Task requirements
Transcribe the lines exactly, beginning with the one that contains "Ежедневник датированный 2025, А5, 138x213" and ending with the final line of the records. Do not transcribe pictures.

****

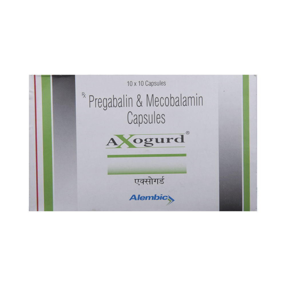 Axogurd Capsule is a prescription medicine used for the treatment of neuropathic pain. It decreases pain by modulating the calcium channel activity of the nerve cells. This medicine also protects nerve fibers and heals damaged nerve cells. Axogurd Capsule may be taken with or without food, preferably at bedtime. It is advised to take it at the same time each day as this helps to maintain a consistent level of medicine in the body. Take this medicine in the dose and duration advised by your doctor. If you miss a dose of this medicine, take it as soon as you remember. Finish the full course of treatment even if you feel better. This medication must not be stopped suddenly without talking to the doctor.Some common side effects of this medicine include nausea, vomiting, diarrhea, constipation, blurred vision, dizziness, and sleepiness. Do not drive or do anything that requires mental focus until you know how this medicine affects you. The side effects are mild and usually improve with time. It may also cause weight gain in some people. Exercise regularly and have a balanced diet to keep your weight in check. Inform your doctor if you develop any unusual changes in mood or behavior, new or worsening depression, or suicidal thoughts.Your doctor should also know about all other medicines you are taking, as many of these may make this medicine less effective or change the way it works. Inform your doctor if you are pregnant, planning pregnancy, or breastfeeding to make sure it is safe for you and the developing baby.
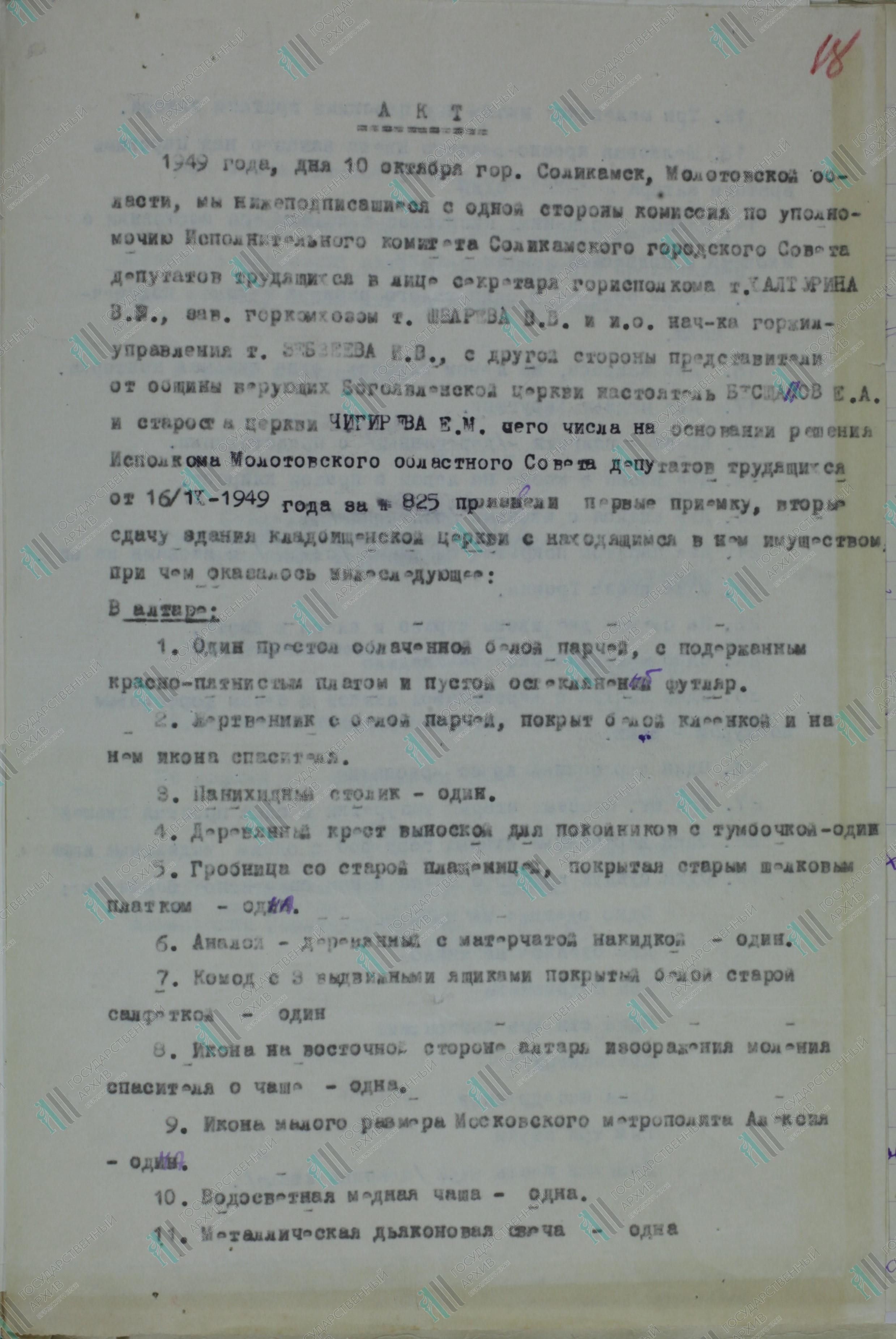 Реквизиты документа: Акт передачи имущества Богоявленской церкви. 10 октября 1949 г. // ГАПК. Ф. р-1205. Оп. 1. Д. 75. Л. 18
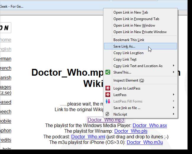 Để lưu tệp vào đĩa, nhấp chuột phải vào liên kết MP3 và chọn Lưu Liên kết Dưới dạng từ menu bật lên và sử dụng hộp thoại hiển thị để chọn vị trí cho tệp và lưu tệp.
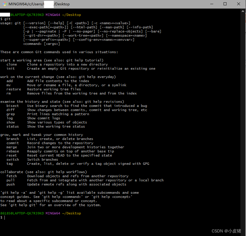 执行 git 指令,出现如下,代表安装成功了
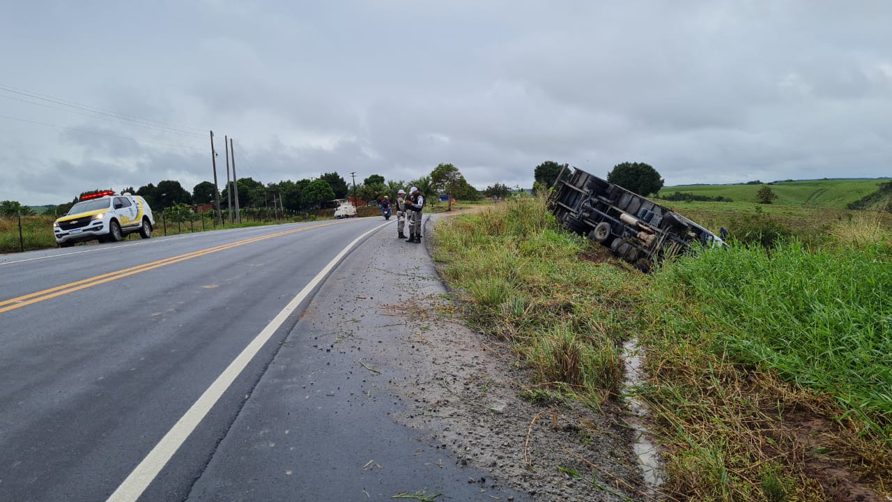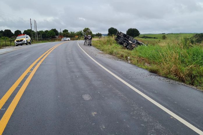 Ainda segundo o BPRv, o caminhão saiu da pista e tombou às margens da rodovia. O motorista não sofreu ferimentos e acionou o serviço de um guincho para retirar o veículo do local.
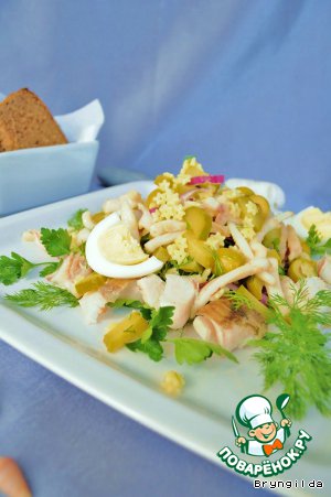 Рецепт «Теплый салат из кальмаров, минтая и орзо»:
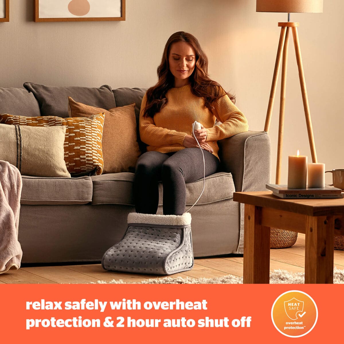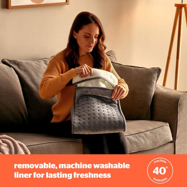 The teddy fleece liner is machine washable to keep your foot warmer feeling fresh and hygienic for longer. Featuring Heatsafe overheat protection and auto shut off after 2 hours for safety and for total peace of mind.
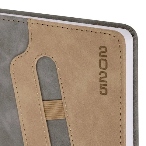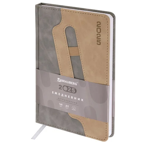 Ежедневник датированный 2025, А5, 138x213 мм, BRAUBERG 'Assistant', под кожу, держатель, серый, 1158
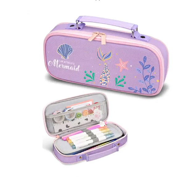 Bulk sales custom kawaii papeleria purple mermaid style girls stationery bag Case For School Pen Bags Zipper Pencil Pouch

****

Solution to the exercise
 Ежедневник датированный 2025, А5, 138x213 мм, BRAUBERG 'Assistant', под кожу, держатель, серый, 1158
 Bulk sales custom kawaii papeleria purple mermaid style girls stationery bag Case For School Pen Bags Zipper Pencil Pouch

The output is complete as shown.